I have a script that needs to prevent gcc from passing -L
with the standard library paths to ld
. Using -nostdlib
inhibits the -lc -lgcc
etc. but not the -L
. Using -Wl,-nostdlib
prevents the linker from using its own standard path, but doesn't stop gcc from passing -L
with the standard paths. Is there any way to ensure that gcc calls the linker with nothing in the library path expect the directories I explicitly write on the command line?

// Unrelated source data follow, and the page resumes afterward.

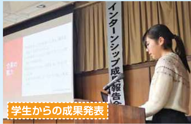
学生からの成果発表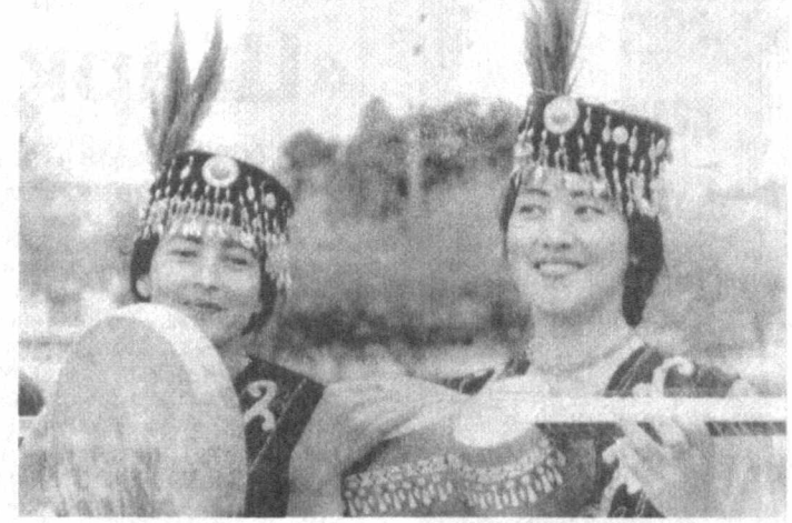
Ўзбекининг «Лазги»сини кўйлайман

— Туман марказларида жойлашган машина-трактор парклари амалда уларни монополистларга тутиб, хизматлари эвазига жуда юқори тўлов шартларини қўйиб, қишлоқ хўжалиги корхоналарини анча нуқдлай аҳволга солиб қўймоқдалар. Масалан, Қорақалпоғис-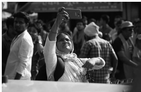
© BLACK TICKET FILMS. ALL RIGHTS RESERVED.

※フリースペース有り・・・休憩中に持ち込みのお食事を食べていただけるお部屋をご用意しております。(飲食物の販売はございません) 全席自由・入替制 ※開場は上映時刻の各30分前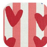
ハート & ストライプ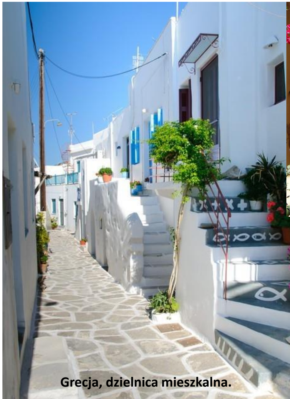
Grecja, dzielnica mieszkalna.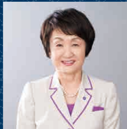
横浜市長 林 文子 Mayor of YOKOHAMA Fumiko Hayashi

2017年5月、横浜で開催された「第50回アジア開発銀行年次総会」には、101の国・地域から、本総会として過去最多となる約5千人の方が参加されました。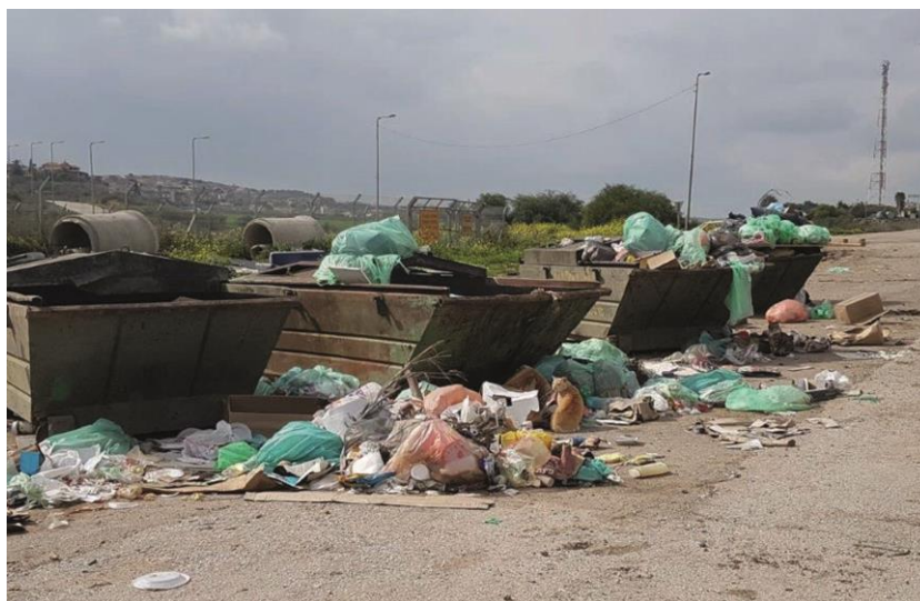
צולם על ידי צוות הביקורת בפברואר 2018.

ביוני 2018 מסר מנכ"ל המועצה האזורית שומרון לצוות הביקורת כי "אכן האשפה מפונה על ידינו באמצעות קבלן משנה. היו מספר בעיות נקודתיות... המכולות במקום טופלו ותוקנו. הודגש לאנשי הצבא במקום, שבמידה והפחים אינם מתפנים כראוי יפנו למועצה, בכל פעם שהתקבלה פניה כזו העניין טופל בטווח של 24 שעות".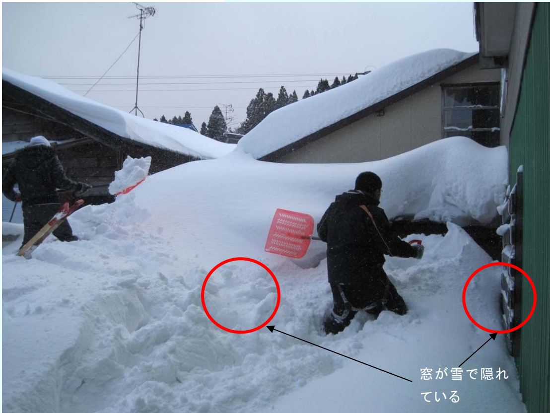
青森県今別町 一人暮らしの老人宅の除雪。雪が軒先まで積もり、窓が完全に隠れている。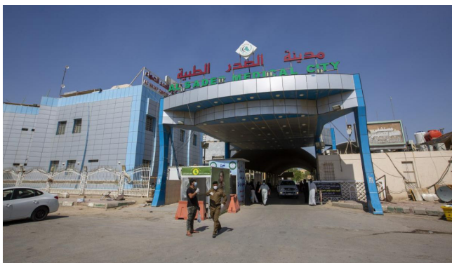
بوابة : مدخل مستشفى مدينة الصدر الطبية

بغداد، وتنفيذ القرارات الحكومية ومحاربة الفساد الارابي.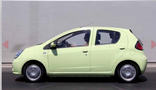
Incluye llantas de aluminio, neblineros, apertura de maletero a distancia y Radio CD con MP3.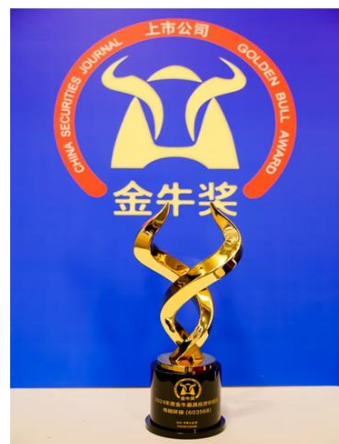
2024年度最具投资价值金牛奖

I found a solution but it depends on gcc 4.4 or later for the -wrapper
option (slightly updated version of the script):
inc=/path/to/alt/incl
lib=/path/to/alt/libs
crt=/path/to/alt/crt1.o
gcc -wrapper sh,-c,'
x= ; z= ; s= ; for i ; do
[ "$z" ] || set -- ; z=1
case "$i" in
-shared) s=1 ; set -- "$@" "$i" ;;
-Lxxxxxx) x=1 ;;
-xxxxxx) x= ; [ "$s" ] || set -- "$@" '"'$crt'"' ;;
*) [ "$x" ] || set -- "$@" "$i" ;;
esac
done
exec "$0" "$@"
' -nostdinc -nostdlib -isystem "$inc" -Wl,-xxxxxx "$@" -L"$lib" -Lxxxxxx -Wl,-nostdlib -lc -lgcc
My version of this wrapper is tuned to re-add alternate crt1.o
and libc
and libgcc
files in place of the ones it prevents access to, but you could just as easily omit them if needed.